Zira rekabet, mülkiyetsiz olmaz.
Solculuğun
ve kısmen sosyalistliğin düzen içi manevralara, geçici, kısmî başarılara
kilitli olan bir tarafı vardır, ama komünist olmak, tam da düzenin aynasındaki
görüntüsüne âşık olmamaktır. Bu ise ancak aşkın bir hakikate “pervane” olmakla
mümkündür. Yanacağını bile bile…
* * *
Bir
sempozyumda, “İslam öncesi cahiliye döneminin daha demokratik olduğu” iddiasında bulunan Erdoğan Aydın’ın yapamadığı ve yanamadığı budur. Onda, onu kendisine
âşık kılan aynalar kırılmasın diye, İslam düşmanlığı ifrata varmakta, sonuçta
paganizm savunusu, aynanın sırrı hâline gelmektedir. Koruma altına alınan ayna,
mülkiyet ve rekabet ilişkilerinin çarpıttığı hakikattir.
Erdoğan
Aydın gibiler, o hakikate sırf mülkiyet ve rekabet sayesinde yaldızlanmış
özneliğine halel gelecek diye düşman olmak zorundadırlar. Bu, 12 Eylül’ün,
Özal’ın, 1989-92 çözülüş döneminin ve Ölüm Oruçları sürecinin teslim aldığı
herkes için geçerli bir ruh ve kişilik hâlidir.
* * *
Hitler’in
ideolojik kurgusunun önemli ölçüde paganist olduğu söylenir. Swastika, yani gamalı
haç, Hindistan yarımadasından apartılmış, pagan bir semboldür. Roma’ya yapılan
tarihaşırı atıf da bu paganizmin bir yansımasıdır.
“Paganizm”,
köylüyle, tarlayla, bitki dikmekle, saplamakla bağlantılı bir sözcüktür. Aynı
kökten türeyen “Pakt” da barış ve sözleşme anlamında, belli bir yerin ve o
yerin insanlarının tanınmasını ifade eder. Demek ki Hitler’in mücadelesi, her
yeri köyleştirip, herkesi tek führere bağlı ve mecbur kılma amacını güder.
Demokrasi,
devletin tekilliklere yedirilmesi işlemidir.
Erdoğan
Aydın’daki putçuluk, köylü mülkiyetindeki mantığın şehirli orta sınıfa
yedirilmesinden başka bir şey değildir. Bu savunu, putların demokrasisidir.
Cahiliye dönemindeki üç büyük put, Lât, Manat ve Uzza demokrasi adına
savunulmalıdır. Lât otorite, Uzza güç, Manat da paradır.
* * *
On
yılımız, AKP iktidarı ile geçti. Neredeyse bir kuşak, bu gerçekte yetişti.

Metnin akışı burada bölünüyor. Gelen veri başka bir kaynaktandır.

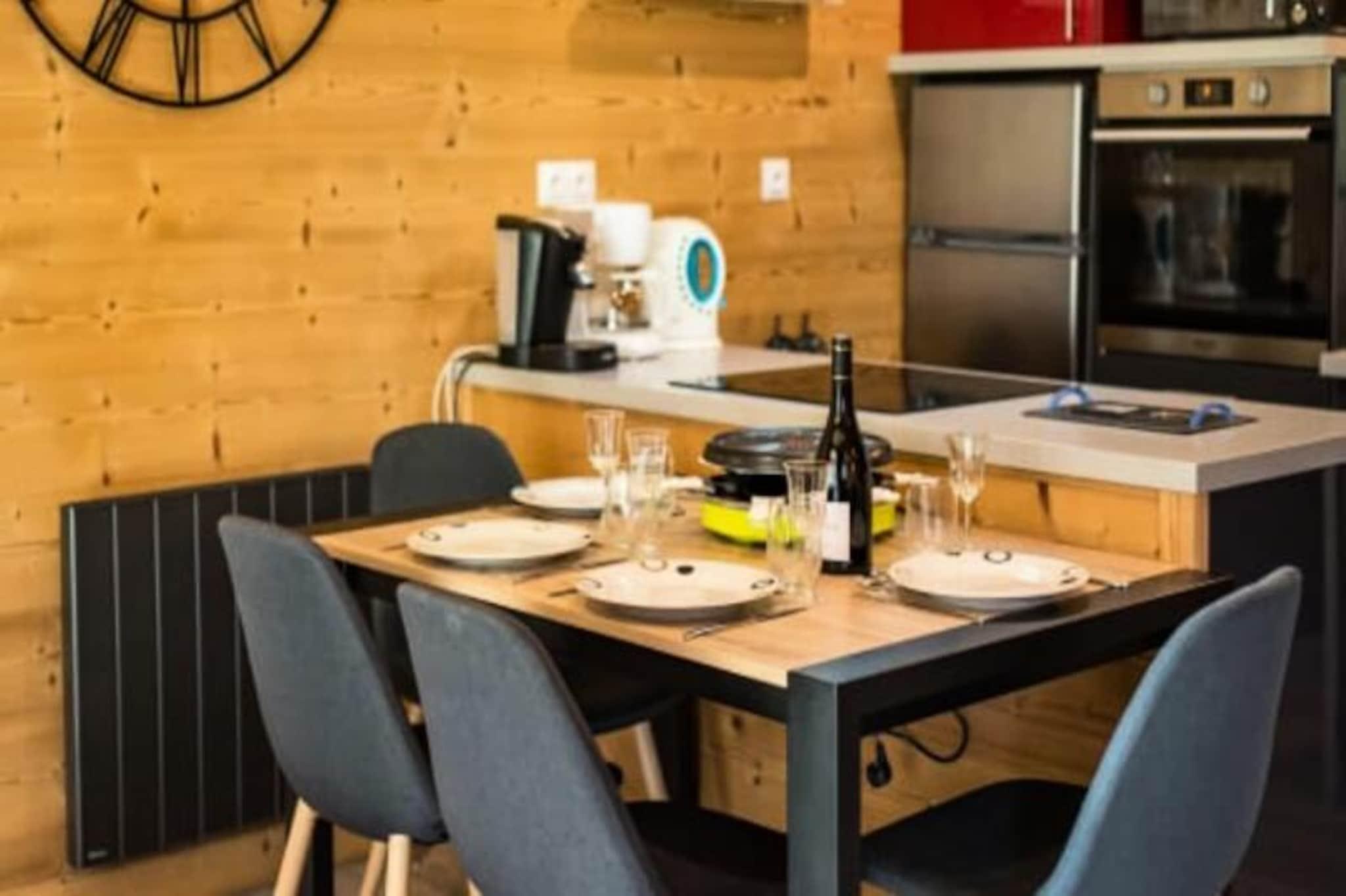 Oplev denne charmerende lejlighed i chalet-stil beliggende i Albiez-Montrond, kun få minutters gang fra skiløjperne. Denne hyggelige lejlighed er perfekt til en ferie i bjergene og kan komfortabelt rumme 4 gæster med mulighed for at være vært for op til 6 personer. Med to indbydende soveværelser og alle de nødvendige bekvemmeligheder, lover det et mindeværdigt ophold i hjertet af bjergene. Det åbne køkken er fuldt udstyret med opvaskemaskine, hvidevarer og raclette-, fondue- og pierradesæt, ideelt til at nyde hyggelige måltider. Stuen har et tv til din afslapning. Soveværelse 1 byder på en komfortabel dobbeltseng, mens soveværelse 2 har to køjesenge, hvilket gør det perfekt til børn eller venner. Yderligere soveplads er tilgængelig på sovesofaen i stuen. Badeværelset har et badekar til en afslappende oplevelse efter en dag på pisterne, med separate toiletter. Udenfor finder du et rum med bord og stole, perfekt til at nyde den smukke udsigt over Aiguilles d'Arves. Lejligheden inkluderer også et skiskab og småbørnsudstyr såsom en høj stol, rejseseng, badesæde og børns spil og bøger. Kæledyr er velkomne, og boligen byder på en varm og indbydende atmosfære for hele familien.

Solun bu iktidara karşı mücadelesi ise Erdoğan-Apo eleştirileri üzerinden,
Müslüman ve Kürd düşmanı olan tarafa kaçmasıyla tanımlı. Yani sol, Müslüman’a karşı
eski laikliğini, Kürd’e karşı Türklüğünü daha fazla hatırladı, kendisini burada
kurdu. Devlete daha fazla bağlandı.
Tersi
de var: bir kesim de Müslüman ve Kürd’ü başarıcılık üzerinden istismar edip,
yol almaya çalıştı. Bu başarıcılık, Müslüman ve Kürd’den hiçbir şey
öğrenmemenin kılıfıydı. Müslüman ve Kürd içinden belirli kesimlerse, rekabet
için solun mülkiyetini istismar etmeyi kurtuluş addettiler.
* * *
İştirakî’nin
mütevazı ve naçiz mevcudiyeti, tam da burada tanımlı aslında. O, söz konusu
yönelimleri sol içerisinden dışarı çıkarak görmenin ve bu meyle dönük
“devrimci” bir müdahalenin adı.
İştirakî, devletten
ya da demokrasiden değil, devrimden yanalığın cılız aklı, eksik ruhu.
* * *
Bugün
söz konusu laiklik, solu daha fazla modernist ve aydınlanmacı kıldı. Mevcut
Türklük, onu daha fazla devlet kanalına soktu. Bu gelişmeler, esas olarak birey
kılıfı altında gizlendiler. Görünmez, bilinmez oldular. Yani, bireyliğini
koruyup, anlamlı iş yaptığını zannedenler, örtük ve dolaylı olarak,
burjuvazinin ve devletin müdafaasına nefer kılındılar.
Sol,
“kahramanlık fazla metafizik, fazla dinsel” diyerek geçmişine, geçmişindeki
devrimci kahramanlara küfreder hâle geldi. Oysa “kahraman”, Farsça kökenli ve
“ferman yazan” demek oluyordu. Osmanlı’nın baldırıçıplak asilerinin dilinde
devrimci bir şiara dönüşen “ferman devletinse dağlar bizimdir” cümlesini
varlığı ile somutlayanların indirdiği bir vahiydi bu.
Ama
AKP gerçeğinde solun maddî planda böylesi bir metafiziğe, vahye ve kelâma karşı
daha fazla alerjisi vardı. Sol, putların demokrasisini o putları yıkanın
fermanına tercih ediyordu. Başkaldırmadan “varın benim farkıma” diyordu özetle.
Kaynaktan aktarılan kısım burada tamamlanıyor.